Collected data:

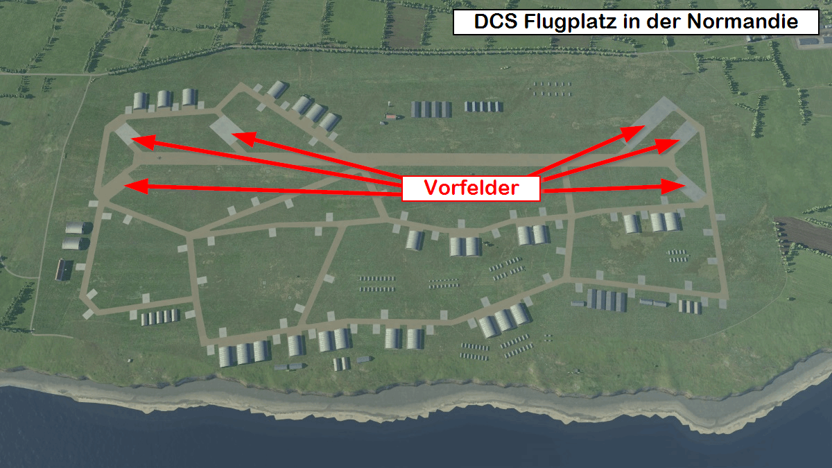 Jetzt zwei Beispiele für Flugfelder in DCS. Links aus der Kaukasus Map (Anapa Vityazevo) und rechts aus der Normandie (Saint Pierre du Mont).
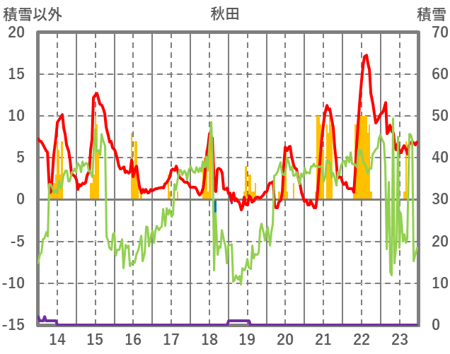 | 日 | 時 | 気温 | 降水 | 風向/風速 | 日照 | 積雪 | 降雪 |
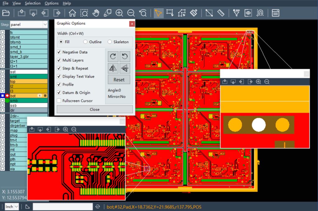 OpenCAM是由無錫東領(lǐng)智能科技股份有限公司開發(fā)的一款輕量級(jí)PCB CAM圖形查看器。基于C++開發(fā),具有超高的圖形顯示效率,完全支持ODB++8.1格式。
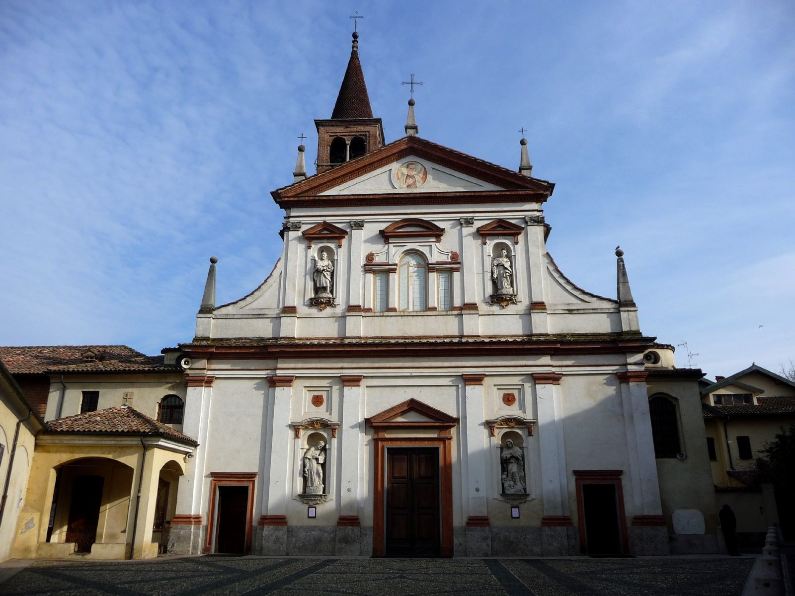 La chiesa attuale fu costruita verso il 1620 in sostituzione di una precedente, atterrata perchè in decadenza. Dell'antica chiesa demolita dai frati rimane il maestoso campanile del sec. XV, a guglia conica. Alto m40, 50, e` il più bello dei dintorni e costituisce il simbolo del paese, ben visibile anche da chi percorre l'autostrada. Nel 1897 il prevosto Merli lo doto` d'un concerto di otto campane. La guglia non e` quella originale, caduta il 6 agosto 1668 a causa d'un fulmine, che penetro` nella chiesa mentre si cantavano i vespri ed uccise un giovane, di nome Giuseppe Vai.
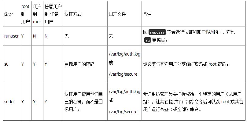 僅以會話PAM鉤子運行,并且沒有密碼提示。如果用一個非root用戶,并且該用戶沒有權(quán)限設(shè)置user ID,這個命令將會因為程序沒有setuid而失敗。因runuser不會運行認證和賬戶PAM鉤子,它比su更底層。
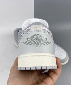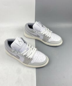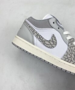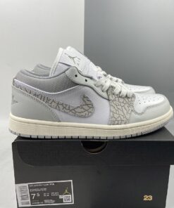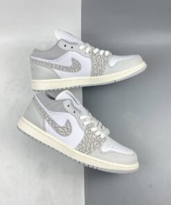 Step up your sneaker game with the Air Jordan 1 Low PRM “Elephant Print” in White/Neutral Grey-Sail-Smoke Grey. These premium sneakers feature a stylish elephant print design, combining classic style with a modern twist. With a comfortable low-top silhouette and iconic Air Jordan branding, these shoes are perfect for everyday wear or a night out on the town. Don’t miss out on adding these must-have kicks to your collection. Get your pair now!
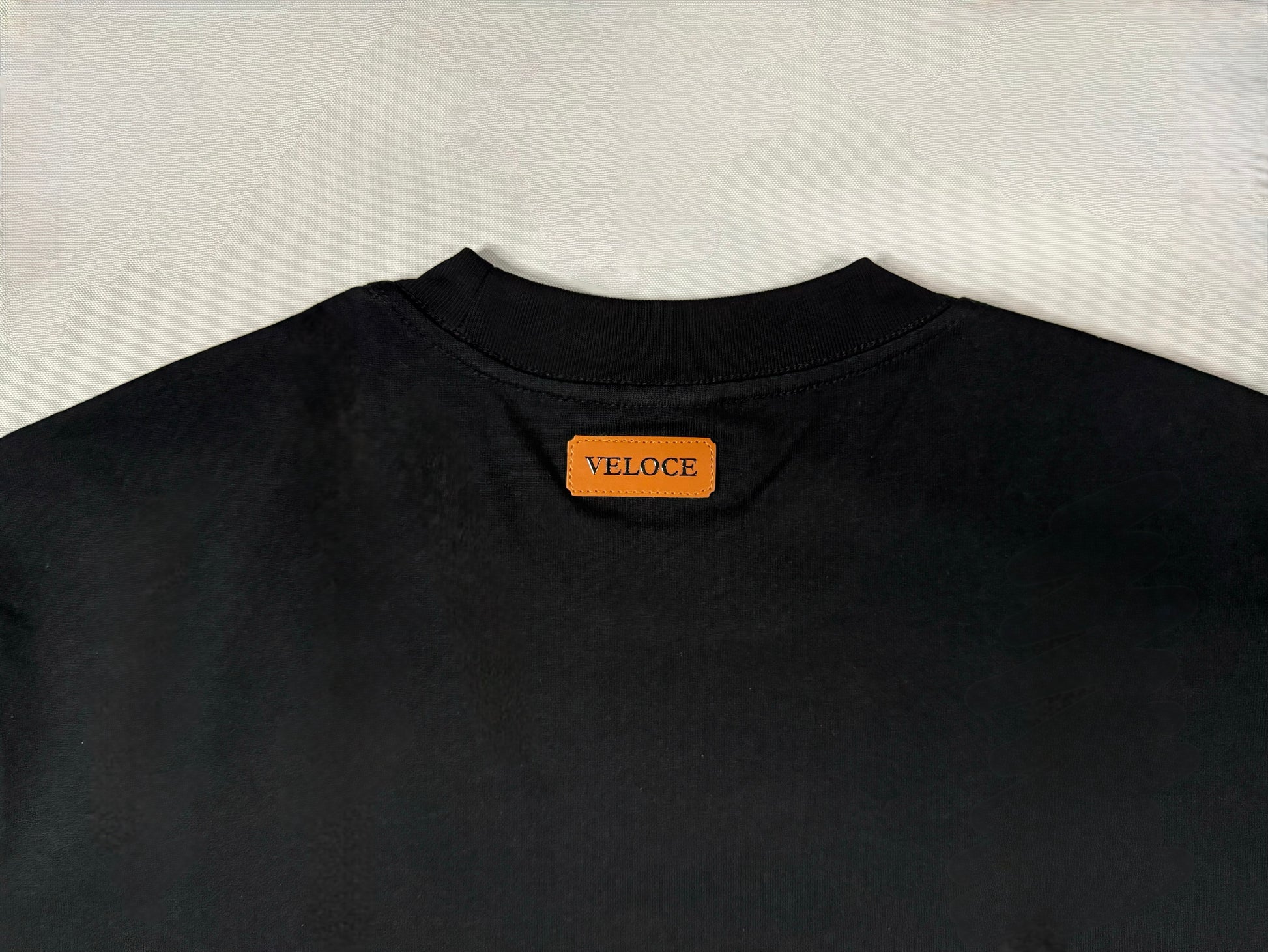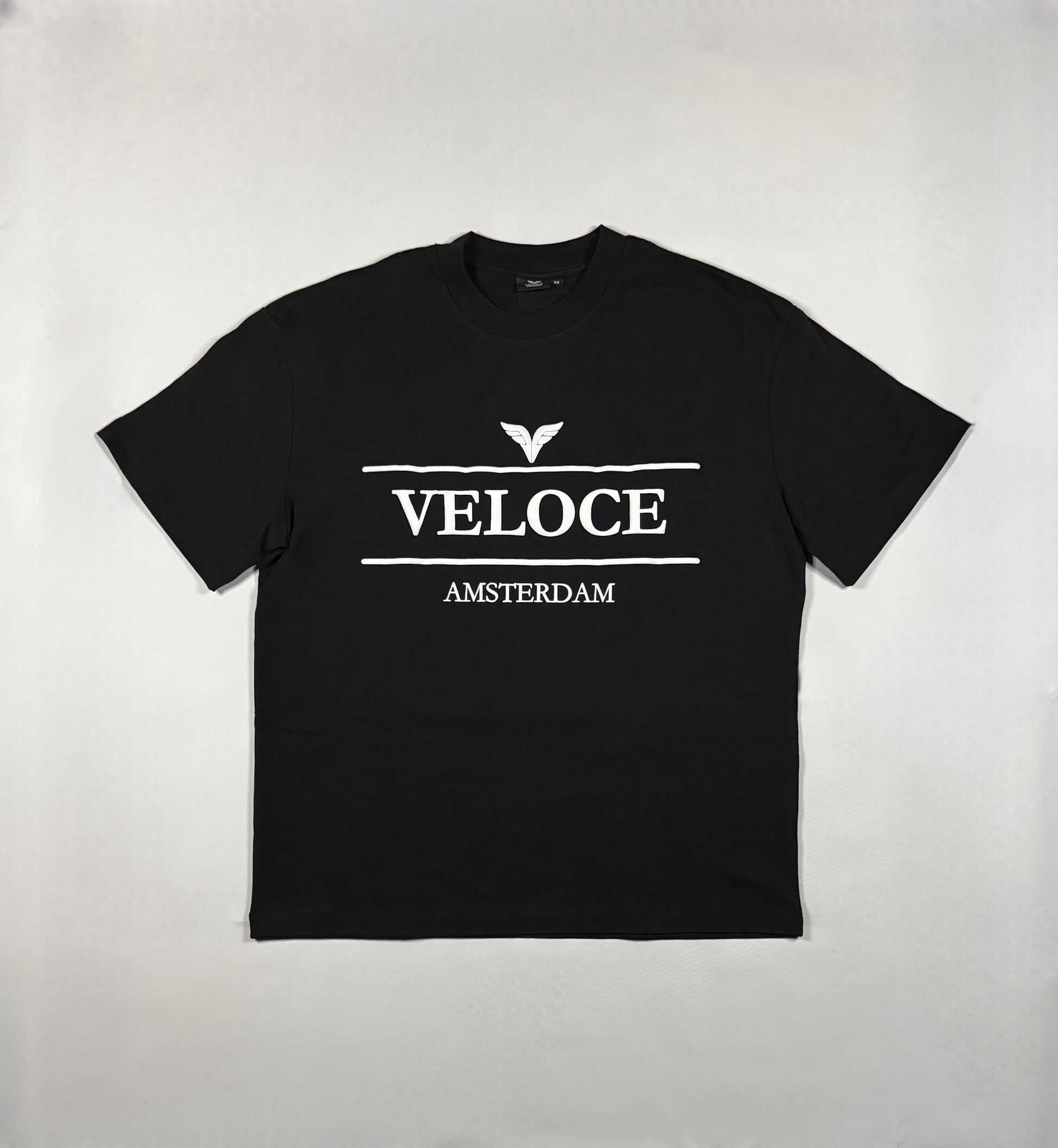 De essentie van tijdloze klasse — het zwarte oversized T-shirt van Veloce Amsterdam combineert minimalistisch design met ultieme verfijning.
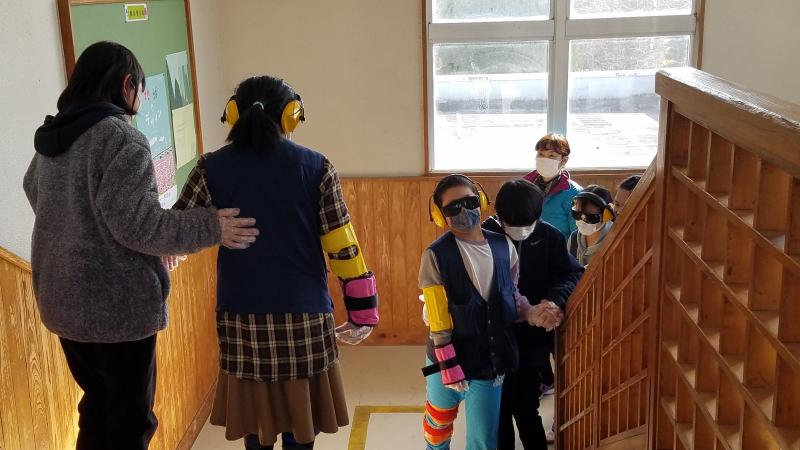 以前、4年生も同様の体験を行いましたが、やはり、6年生の様子には安心感がありました。気遣いの声をかけながら階段の上り下りをすることにより、「共生」の中で大切なものを学んだ子どもたちだったようです。
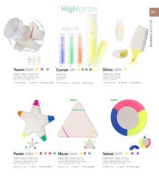 Highlighter Set. Wheat Straw/ PP. 5 Pieces. Highlighter. Wheat Straw/ ABS. 3 Ink Colours. Highlighter. Wheat Straw/ ABS. 3 Ink Colours.
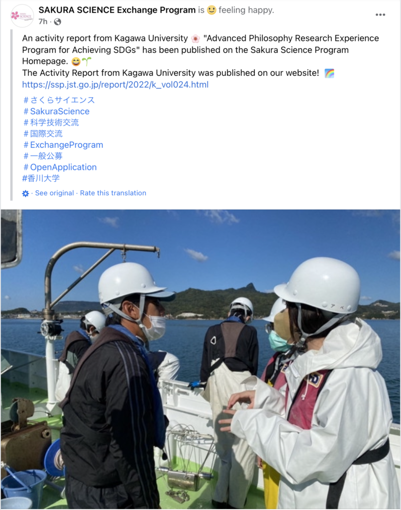 Sakura Science Exchange Program 2022Oct 23 – Oct 29Faculty of Agriculture, Kagawa University The Faculty of Agriculture will host eleven
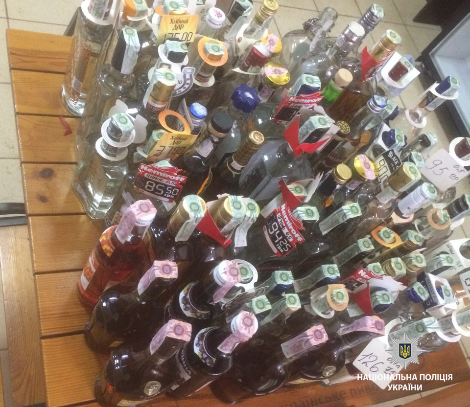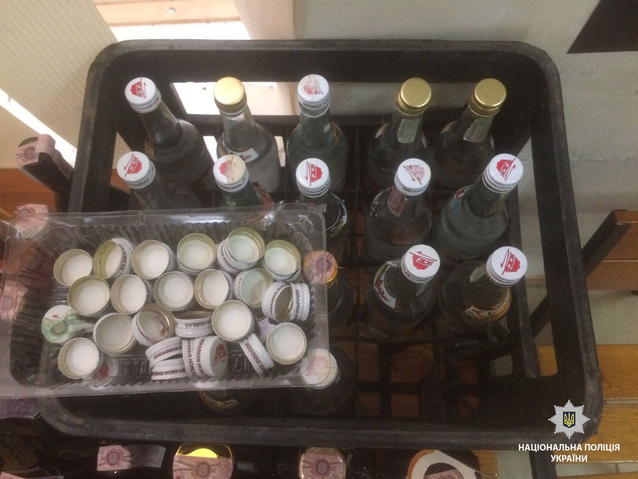 Поліцейські вилучили близько 30 літрів розливних спиртних напоїв та 75 пляшок об’ємом 0,5 літра з приміщення, розташованого на вулиці Велозаводській.

[About this task] Although the records contain pictures, your copy should hold only the text, reproduced exactly.

[Answer section]
 Jetzt zwei Beispiele für Flugfelder in DCS. Links aus der Kaukasus Map (Anapa Vityazevo) und rechts aus der Normandie (Saint Pierre du Mont).
 | 日 | 時 | 気温 | 降水 | 風向/風速 | 日照 | 積雪 | 降雪 |
 OpenCAM是由無錫東領(lǐng)智能科技股份有限公司開發(fā)的一款輕量級(jí)PCB CAM圖形查看器。基于C++開發(fā),具有超高的圖形顯示效率,完全支持ODB++8.1格式。
 La chiesa attuale fu costruita verso il 1620 in sostituzione di una precedente, atterrata perchè in decadenza. Dell'antica chiesa demolita dai frati rimane il maestoso campanile del sec. XV, a guglia conica. Alto m40, 50, e` il più bello dei dintorni e costituisce il simbolo del paese, ben visibile anche da chi percorre l'autostrada. Nel 1897 il prevosto Merli lo doto` d'un concerto di otto campane. La guglia non e` quella originale, caduta il 6 agosto 1668 a causa d'un fulmine, che penetro` nella chiesa mentre si cantavano i vespri ed uccise un giovane, di nome Giuseppe Vai.
 僅以會話PAM鉤子運行,并且沒有密碼提示。如果用一個非root用戶,并且該用戶沒有權(quán)限設(shè)置user ID,這個命令將會因為程序沒有setuid而失敗。因runuser不會運行認證和賬戶PAM鉤子,它比su更底層。
 Step up your sneaker game with the Air Jordan 1 Low PRM “Elephant Print” in White/Neutral Grey-Sail-Smoke Grey. These premium sneakers feature a stylish elephant print design, combining classic style with a modern twist. With a comfortable low-top silhouette and iconic Air Jordan branding, these shoes are perfect for everyday wear or a night out on the town. Don’t miss out on adding these must-have kicks to your collection. Get your pair now!
 De essentie van tijdloze klasse — het zwarte oversized T-shirt van Veloce Amsterdam combineert minimalistisch design met ultieme verfijning.
 以前、4年生も同様の体験を行いましたが、やはり、6年生の様子には安心感がありました。気遣いの声をかけながら階段の上り下りをすることにより、「共生」の中で大切なものを学んだ子どもたちだったようです。
 Highlighter Set. Wheat Straw/ PP. 5 Pieces. Highlighter. Wheat Straw/ ABS. 3 Ink Colours. Highlighter. Wheat Straw/ ABS. 3 Ink Colours.
 Sakura Science Exchange Program 2022Oct 23 – Oct 29Faculty of Agriculture, Kagawa University The Faculty of Agriculture will host eleven
 Поліцейські вилучили близько 30 літрів розливних спиртних напоїв та 75 пляшок об’ємом 0,5 літра з приміщення, розташованого на вулиці Велозаводській.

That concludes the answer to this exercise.